# Most Comfortable Work Boots



## robladd (Nov 22, 2010)

As Painters & Paperhangers we stand on our feet for prolonged periods of time. I have a pair of Wolverines now that I like very much.

In the afternoon my feet start to hurt so maybe this should be in SR OPPU
but I'm trying find out what is the most comfortable work boot out there.

I believe Red Wings and Danner maybe more comfortable, but if anyone has other boots they consider as comfortable I would like to here about them. Kind Regards, Rob


----------



## LegattoPainting (Mar 4, 2013)

Hey robladd. Not too many job for me 'require' boots.. One or two OSHA jobs but they would let us wear hiking boots.. 
I've been turned onto zero drop running shoes where the heel is on the same level/plane as the toe. I can wear these shoes for 9-11 hrs on straight concrete with no soreness, back ache or knee pain!
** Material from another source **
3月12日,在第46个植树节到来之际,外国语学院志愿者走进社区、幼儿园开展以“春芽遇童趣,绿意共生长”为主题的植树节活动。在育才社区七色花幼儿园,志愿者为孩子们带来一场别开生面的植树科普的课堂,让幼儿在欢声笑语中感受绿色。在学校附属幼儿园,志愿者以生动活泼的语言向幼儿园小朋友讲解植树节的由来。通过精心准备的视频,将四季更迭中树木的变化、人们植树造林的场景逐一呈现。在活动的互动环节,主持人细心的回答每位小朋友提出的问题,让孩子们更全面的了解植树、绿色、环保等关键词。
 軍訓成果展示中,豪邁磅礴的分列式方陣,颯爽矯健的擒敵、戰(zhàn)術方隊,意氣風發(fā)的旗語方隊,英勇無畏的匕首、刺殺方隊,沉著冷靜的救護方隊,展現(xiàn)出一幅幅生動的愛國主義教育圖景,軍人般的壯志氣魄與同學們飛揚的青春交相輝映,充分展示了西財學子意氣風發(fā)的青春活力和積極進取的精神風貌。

Only style shoe I will ever where- I have six pairs! 
I bring up the hiking boot thing because the are some companies making "barefoot"(0-drop) hikers that are amazingly comfortable, feel like sneakers and look like boots. Just my 2¢


----------



## Hog (Apr 4, 2013)

I like Ecco boots, shoes, but there $200 , but very comfortable from day one


----------



## robladd (Nov 22, 2010)

Hog said:


> I like Ecco boots, shoes, but there $200 , but very comfortable from day one


Hog, thank You money is no option when it comes to PPE.


----------



## Schmidt & Co. (Nov 6, 2008)

I have both a pair of Danners and Red Wings, but I'd never use them for painting. I just cant justify spending that kind of money on boots, and then having them covered in paint! Either way, the Red Wings take some serious time to break-in. But once broken in, they have the absolute best quality leather that you will ever wrap around your little piggies. 
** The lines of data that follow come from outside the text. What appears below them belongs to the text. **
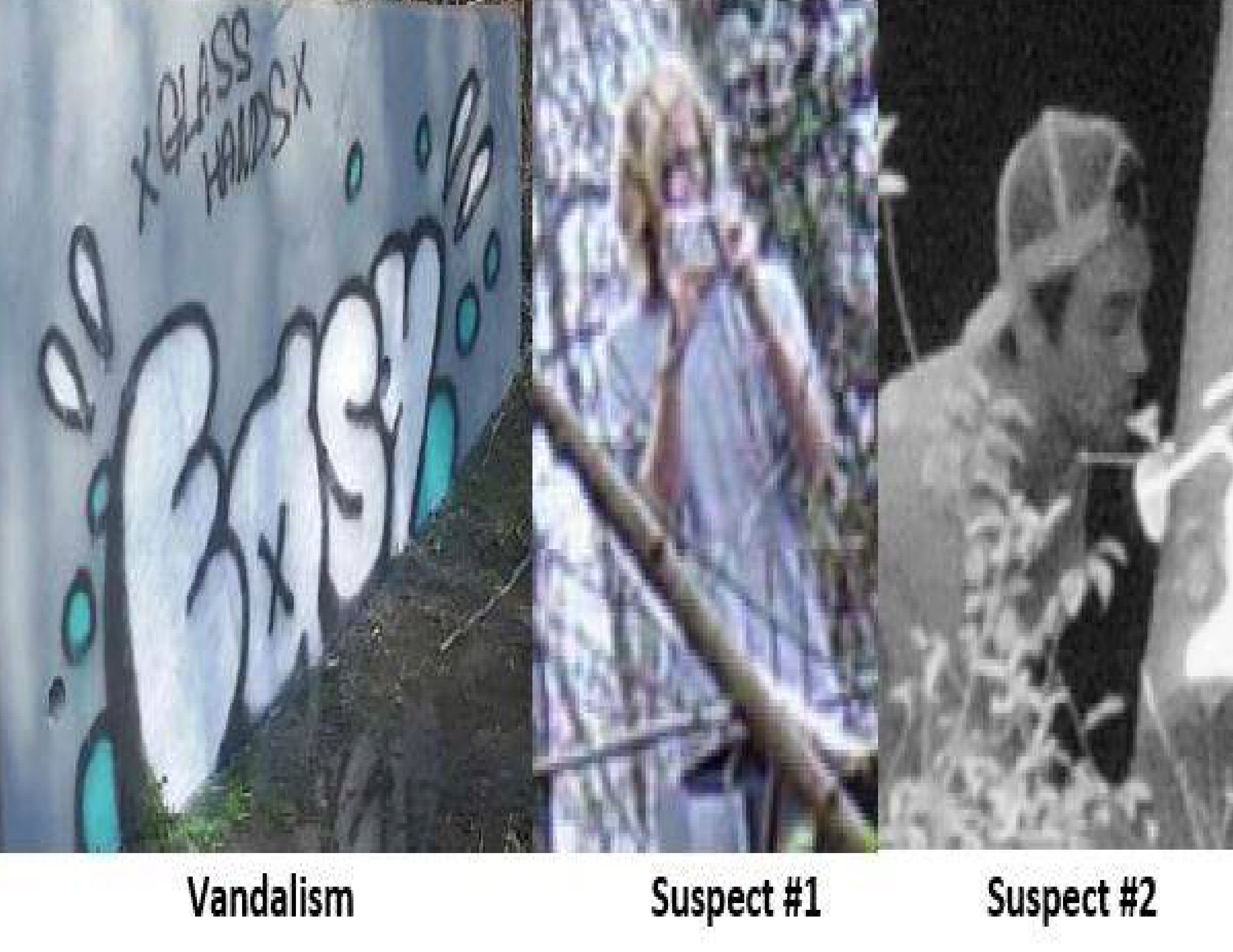 According to officers, the two men pictured vandalized the bridge structure under the roadway on Adler Dr.
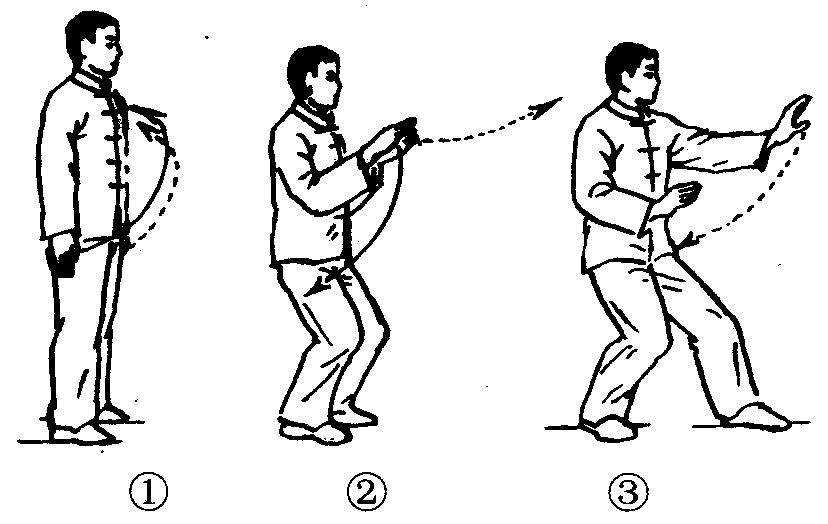 ❸成三体式时要“手脚齐到”。另外,还有一种形意拳的起势动作,是由准备姿势开始,双腿屈膝下蹲,同时双掌在体前由外向内划弧至腹前成掌心向下,随即双掌外旋逐渐握拳至双拳心向上,左拳不动,右拳小臂外旋经胸前向前钻出,然后上左步,左拳变掌劈出成三体式。
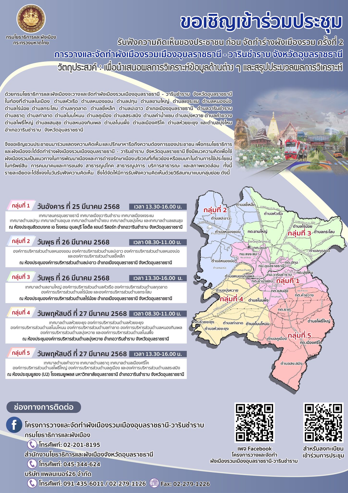 หน้าหลัก   ประชาสัมพันธ์ ขอเชิญเข้าร่วมประชุมรับฟังความคิดเห็นของประชาชนก่อนจัดทำร่างผังเมืองรวม ครั้งที่ 2 โครงการวางและจัดทำผังเมืองรวมเมืองอุบลราชธานี-วารินชำราบ
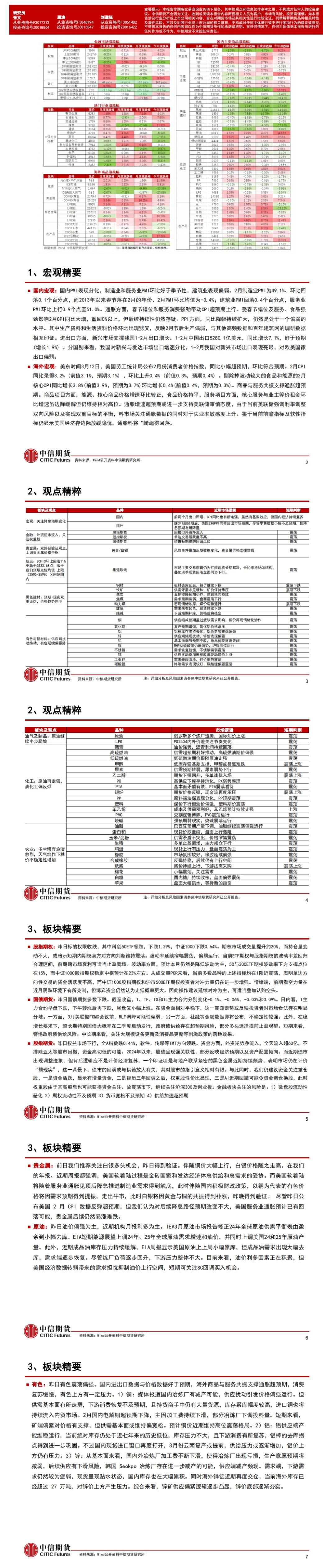 标题:中信期货3月15日晨报:美国PPI超预期回升,基本金属涨跌不一,黑色仍下行

For work I've been wearing Thorogood's the last few years. Great on the feet right out of the box and ready to go!


----------



## SeaMonster (Apr 13, 2009)

x2 quality hiking boots.


----------



## Steve Richards (Dec 31, 2010)

Timberland pro

(I've been brainwashed)


----------



## Wolfgang (Nov 16, 2008)

Love my Redwings even though they took a while to break-in. Belleville Boots makes some of the most comfortable boots I've ever bought right out of the box. More of a military/tactical style boot, but their desert boots were downright comfortable in the summer. I usually toss some gel soles in the bottoms of most of my shoes anyway.


----------



## Greg Mrakich (Apr 19, 2010)

I wear Merrell shoes to work in. They are super sturdy and comfy. Standing all day long on the ground or ladders is no issue. Only about $110 a pair, and they are water proof. The model I use is the "Moab."


----------



## WisePainter (Dec 27, 2008)

This reminds me of that "show your boots" thread.


----------



## robladd (Nov 22, 2010)

WisePainter said:


> This reminds me of that "show your boots" thread.
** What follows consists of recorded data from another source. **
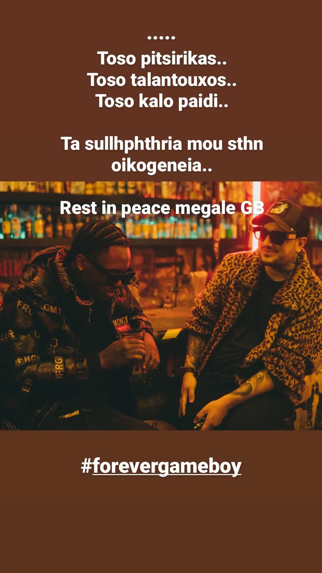 Παράλληλα φίλοι του και συνάδελφοί του, τον αποχαιρέτησαν μέσω των προφίλ που διατηρούν στο instagram. Ένας εξ αυτών και ο γνωστός τράπερ και αδελφός του Snik, MG ο οποίος ανέβασε μία κοινή τους φωτογραφία και έγραψε: «Τόσο πιτσιρικάς… Τόσο ταλαντούχος… Τόσο καλό παιδί… Τα συλλυπητήριά μου στην οικογένεια… Αναπαύσου εν ειρήνη μεγάλε GB».
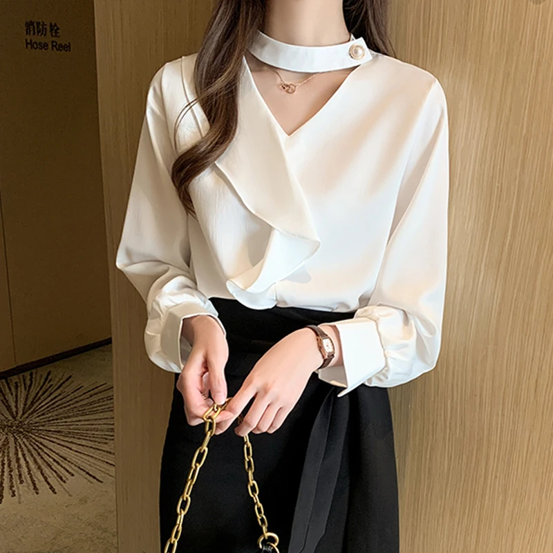 .Gallery for Korean Fashion Women Blouses Woman Silk Blouse Shirt Plus Size Womens Tops and Blouses Woman V Neck Satin Blouse Women Shirts OL
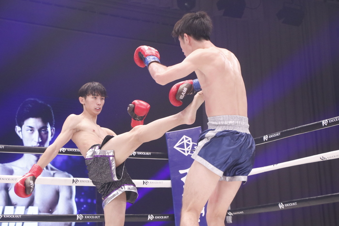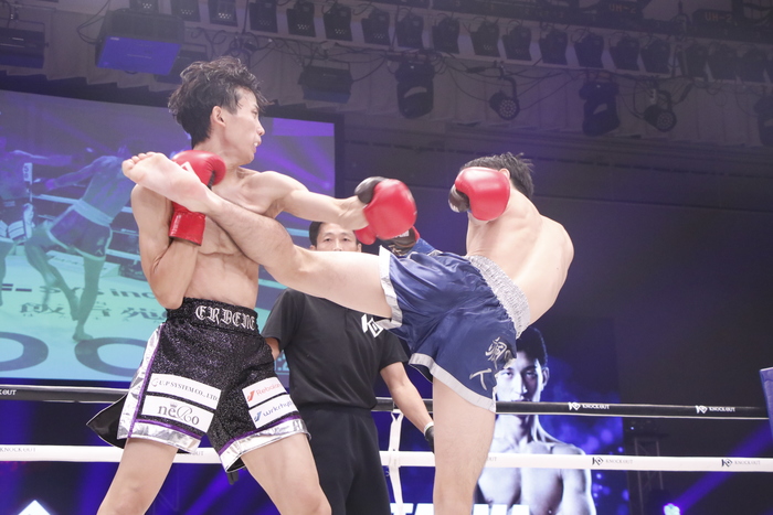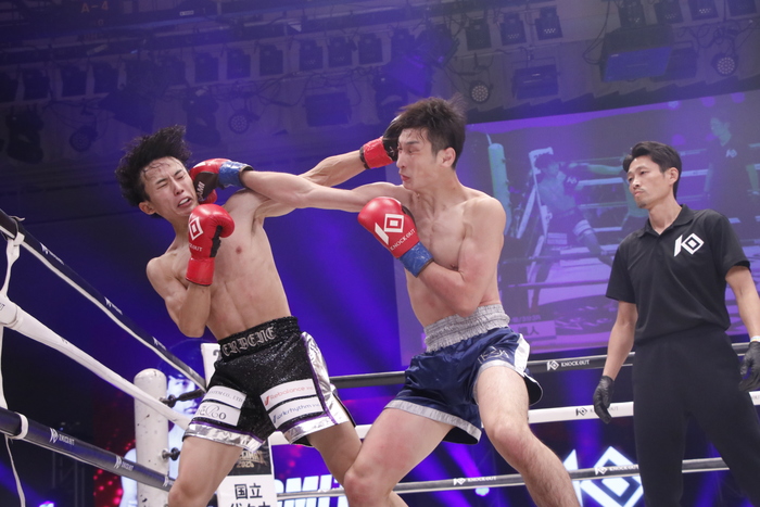 1R、ステップで回り込んだ富田を北島が追いかけてきたところで、富田がスイッチしての左ストレートでダウンを奪う。その後は両者慎重に富田は右ミドル、サウスポーの北島は左ミドルを蹴る。
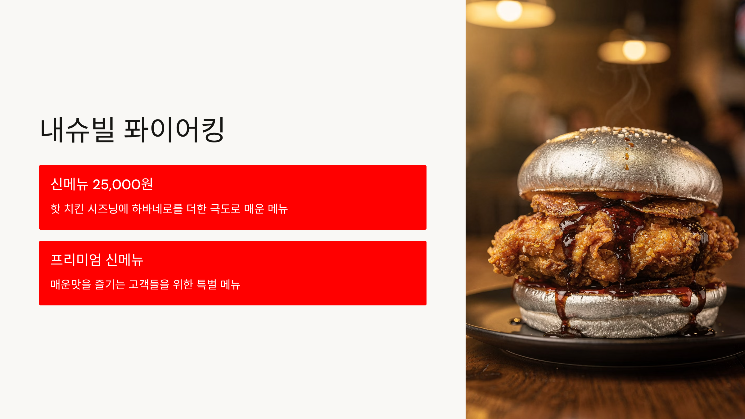 핫 치킨 시즈닝에 하바네로를 더한 극도로 매운 메뉴입니다. 매운맛을 즐기는 고객들을 위한 프리미엄 신메뉴입니다.

Hey Wise, I remember that thread. Who won the nastiest pair? Was it Neps?


----------



## straight_lines (Oct 17, 2007)

Schmidt & Co. said:


> I have both a pair of Danners and Red Wings, but I'd never use them for painting. I just cant justify spending that kind of money on boots, and then having them covered in paint! Either way, the Red Wings take some serious time to break-in. But once broken in, they have the absolute best quality leather that you will ever wrap around your little piggies.
> 
> For work I've been wearing Thorogood's the last few years. Great on the feet right out of the box and ready to go! Amazon.com: Thorogood Men's 814-4200 American Heritage 6" Moc Toe Boot: Shoes


I have a pair of these as well. Great boots. :thumbsup:


----------



## ReNt A PaInTeR (Dec 28, 2008)

robladd said:


> Hey Wise, I remember that thread. Who won the nastiest pair? Was it Neps?


I think it was Thomas.


----------



## robladd (Nov 22, 2010)

I have a pair of Doc Martins super comfortable
but too bulky. Great for deck coatings but not for ladder work or moving around a lot.

I hate breaking boots, I think I may go red wing with saddle soap to make it easier.


----------